**ABOUT THIS TASK**
Reproduce all of the records word for word, omitting the pictures.

**MATERIAL TO PROCESS**
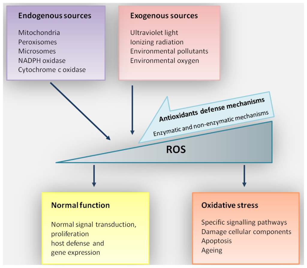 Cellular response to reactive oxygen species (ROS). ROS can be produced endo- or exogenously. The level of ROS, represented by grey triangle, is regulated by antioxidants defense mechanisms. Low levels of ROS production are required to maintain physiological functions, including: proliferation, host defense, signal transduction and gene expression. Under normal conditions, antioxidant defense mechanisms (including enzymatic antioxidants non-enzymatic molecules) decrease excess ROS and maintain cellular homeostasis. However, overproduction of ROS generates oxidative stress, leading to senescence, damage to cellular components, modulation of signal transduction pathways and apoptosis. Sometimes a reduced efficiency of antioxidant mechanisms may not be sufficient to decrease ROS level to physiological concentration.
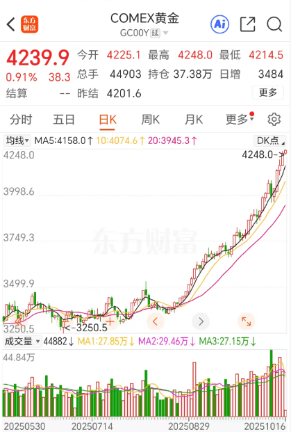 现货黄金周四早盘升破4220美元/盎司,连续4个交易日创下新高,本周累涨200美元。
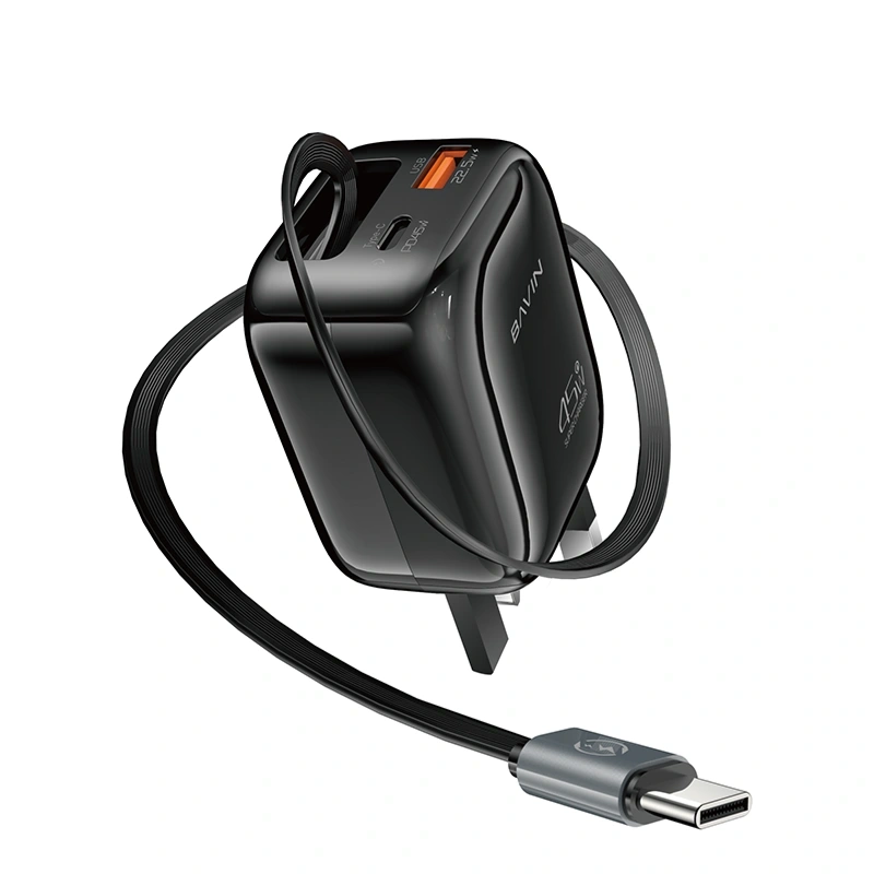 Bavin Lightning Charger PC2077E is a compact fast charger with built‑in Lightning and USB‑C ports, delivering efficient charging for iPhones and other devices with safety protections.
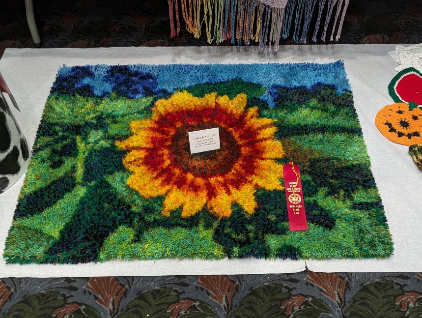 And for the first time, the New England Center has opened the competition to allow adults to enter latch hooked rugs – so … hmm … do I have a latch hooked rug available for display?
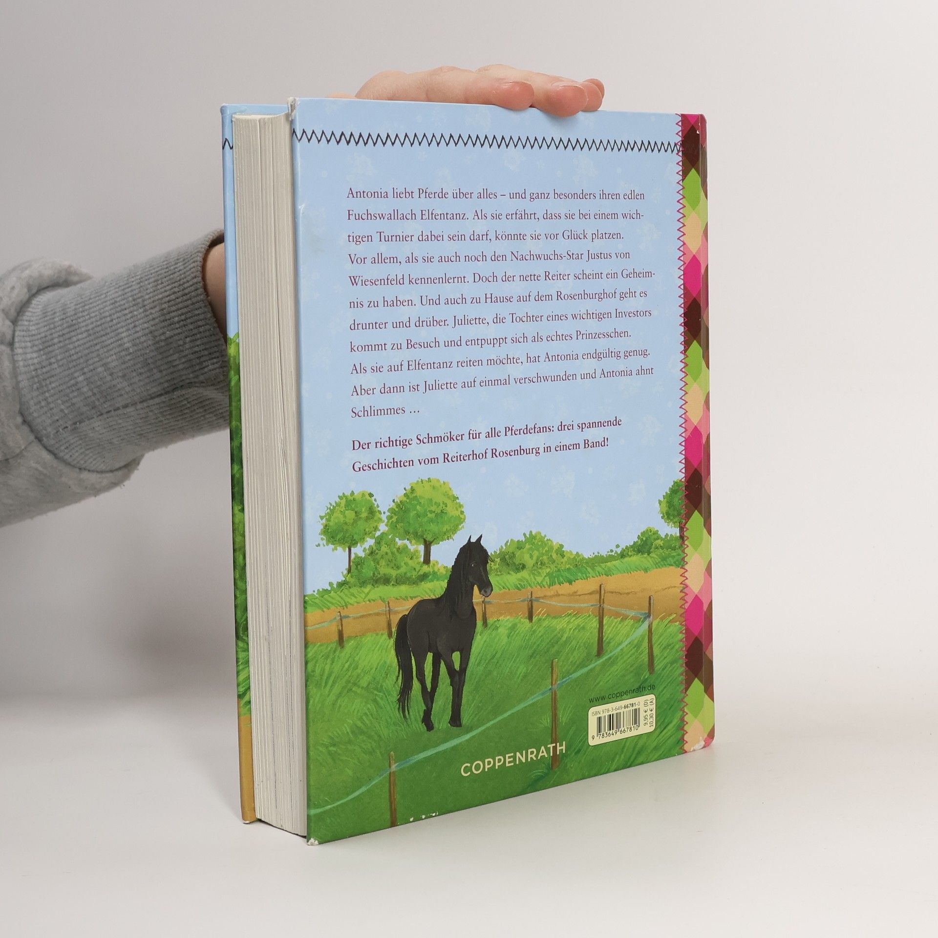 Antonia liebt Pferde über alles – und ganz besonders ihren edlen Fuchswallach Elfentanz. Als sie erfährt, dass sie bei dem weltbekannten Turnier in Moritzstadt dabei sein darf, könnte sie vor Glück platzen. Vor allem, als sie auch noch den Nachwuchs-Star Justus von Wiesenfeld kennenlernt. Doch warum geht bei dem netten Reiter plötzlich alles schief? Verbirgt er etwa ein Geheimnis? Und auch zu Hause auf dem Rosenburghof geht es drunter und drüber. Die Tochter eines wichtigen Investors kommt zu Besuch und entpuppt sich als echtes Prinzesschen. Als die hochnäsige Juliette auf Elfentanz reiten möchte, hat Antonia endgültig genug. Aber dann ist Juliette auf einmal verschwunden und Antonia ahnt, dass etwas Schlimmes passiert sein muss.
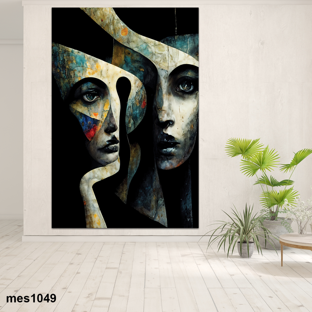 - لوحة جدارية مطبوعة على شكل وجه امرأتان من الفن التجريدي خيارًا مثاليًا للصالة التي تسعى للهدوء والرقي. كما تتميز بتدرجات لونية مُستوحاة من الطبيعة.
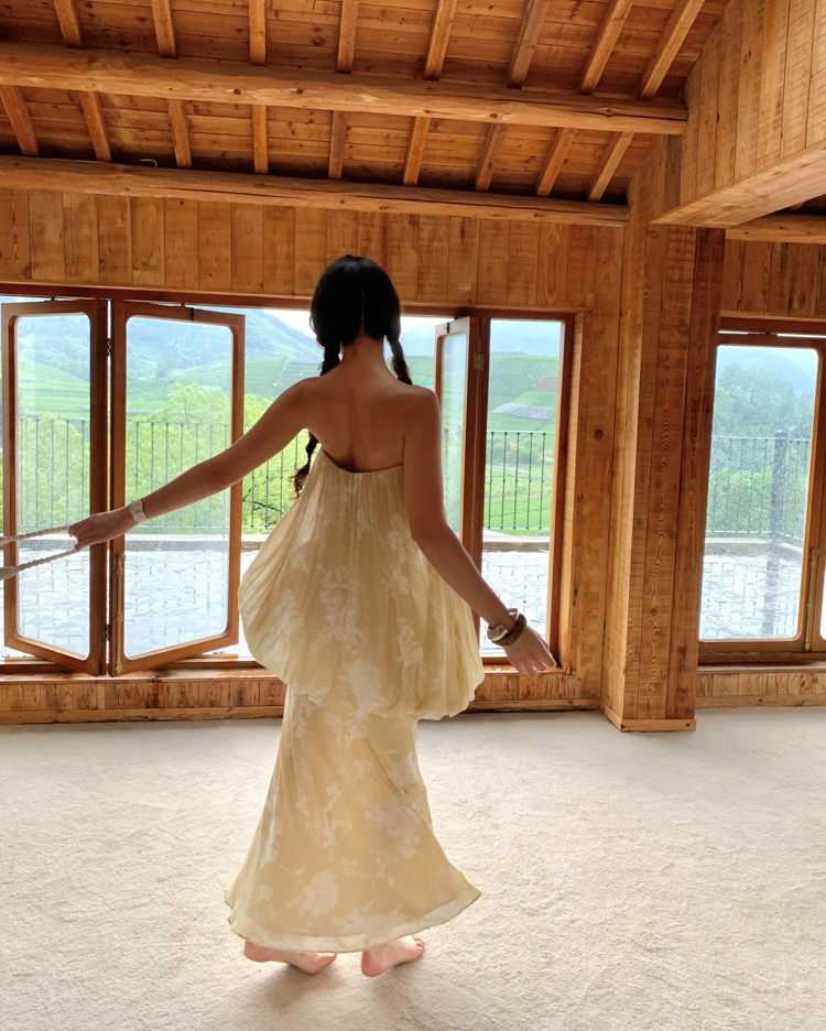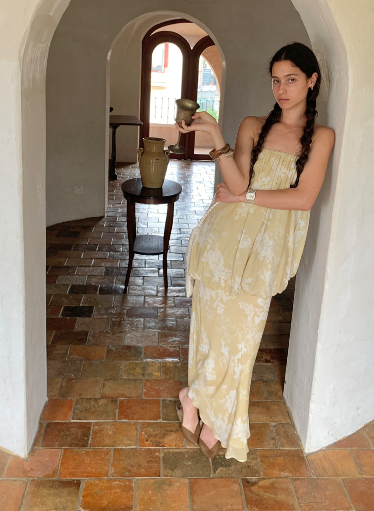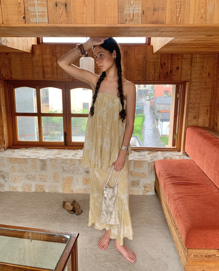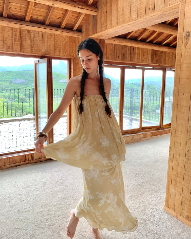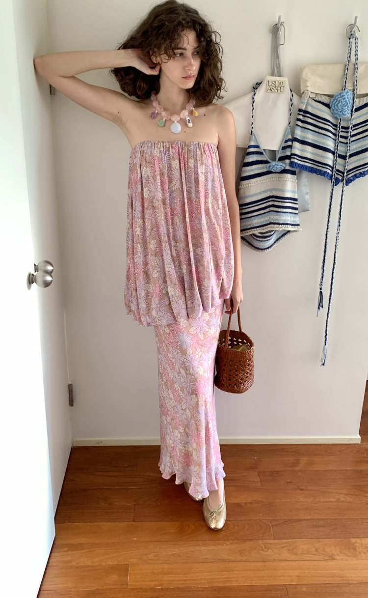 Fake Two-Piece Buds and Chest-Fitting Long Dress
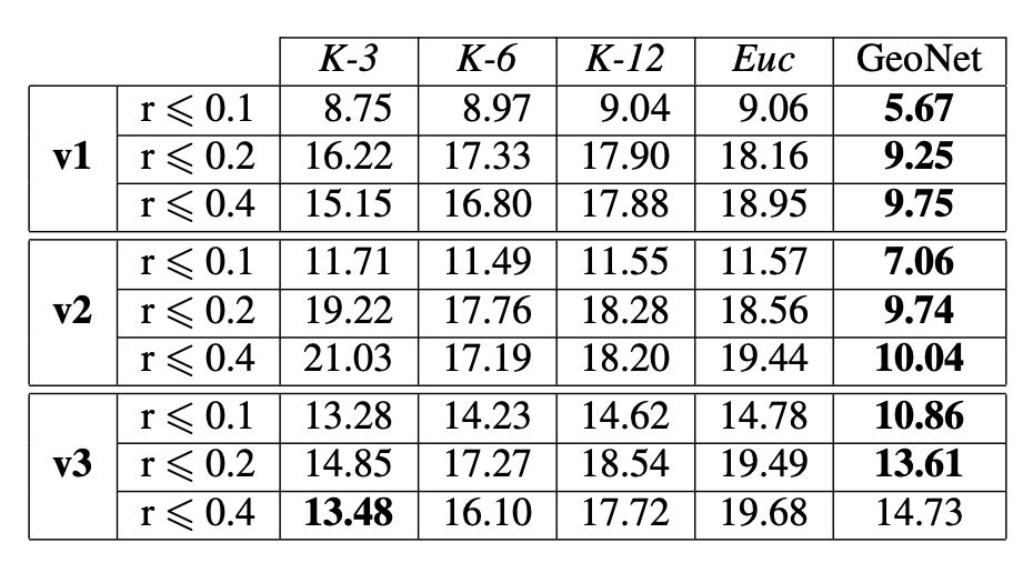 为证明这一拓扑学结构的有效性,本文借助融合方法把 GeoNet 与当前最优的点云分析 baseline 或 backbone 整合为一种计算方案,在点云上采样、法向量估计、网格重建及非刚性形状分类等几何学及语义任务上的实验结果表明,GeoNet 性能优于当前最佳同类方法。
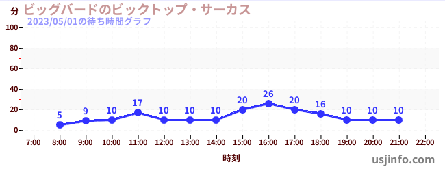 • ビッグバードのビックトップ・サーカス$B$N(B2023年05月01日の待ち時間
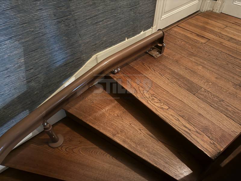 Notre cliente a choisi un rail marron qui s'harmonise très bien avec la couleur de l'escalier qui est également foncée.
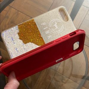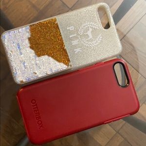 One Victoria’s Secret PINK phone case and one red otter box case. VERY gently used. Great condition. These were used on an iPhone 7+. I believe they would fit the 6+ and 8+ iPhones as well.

**EXERCISE OUTPUT**
 Cellular response to reactive oxygen species (ROS). ROS can be produced endo- or exogenously. The level of ROS, represented by grey triangle, is regulated by antioxidants defense mechanisms. Low levels of ROS production are required to maintain physiological functions, including: proliferation, host defense, signal transduction and gene expression. Under normal conditions, antioxidant defense mechanisms (including enzymatic antioxidants non-enzymatic molecules) decrease excess ROS and maintain cellular homeostasis. However, overproduction of ROS generates oxidative stress, leading to senescence, damage to cellular components, modulation of signal transduction pathways and apoptosis. Sometimes a reduced efficiency of antioxidant mechanisms may not be sufficient to decrease ROS level to physiological concentration.
 现货黄金周四早盘升破4220美元/盎司,连续4个交易日创下新高,本周累涨200美元。
 Bavin Lightning Charger PC2077E is a compact fast charger with built‑in Lightning and USB‑C ports, delivering efficient charging for iPhones and other devices with safety protections.
 And for the first time, the New England Center has opened the competition to allow adults to enter latch hooked rugs – so … hmm … do I have a latch hooked rug available for display?
 Antonia liebt Pferde über alles – und ganz besonders ihren edlen Fuchswallach Elfentanz. Als sie erfährt, dass sie bei dem weltbekannten Turnier in Moritzstadt dabei sein darf, könnte sie vor Glück platzen. Vor allem, als sie auch noch den Nachwuchs-Star Justus von Wiesenfeld kennenlernt. Doch warum geht bei dem netten Reiter plötzlich alles schief? Verbirgt er etwa ein Geheimnis? Und auch zu Hause auf dem Rosenburghof geht es drunter und drüber. Die Tochter eines wichtigen Investors kommt zu Besuch und entpuppt sich als echtes Prinzesschen. Als die hochnäsige Juliette auf Elfentanz reiten möchte, hat Antonia endgültig genug. Aber dann ist Juliette auf einmal verschwunden und Antonia ahnt, dass etwas Schlimmes passiert sein muss.
 - لوحة جدارية مطبوعة على شكل وجه امرأتان من الفن التجريدي خيارًا مثاليًا للصالة التي تسعى للهدوء والرقي. كما تتميز بتدرجات لونية مُستوحاة من الطبيعة.
 Fake Two-Piece Buds and Chest-Fitting Long Dress
 为证明这一拓扑学结构的有效性,本文借助融合方法把 GeoNet 与当前最优的点云分析 baseline 或 backbone 整合为一种计算方案,在点云上采样、法向量估计、网格重建及非刚性形状分类等几何学及语义任务上的实验结果表明,GeoNet 性能优于当前最佳同类方法。
 • ビッグバードのビックトップ・サーカス$B$N(B2023年05月01日の待ち時間
 Notre cliente a choisi un rail marron qui s'harmonise très bien avec la couleur de l'escalier qui est également foncée.
 One Victoria’s Secret PINK phone case and one red otter box case. VERY gently used. Great condition. These were used on an iPhone 7+. I believe they would fit the 6+ and 8+ iPhones as well.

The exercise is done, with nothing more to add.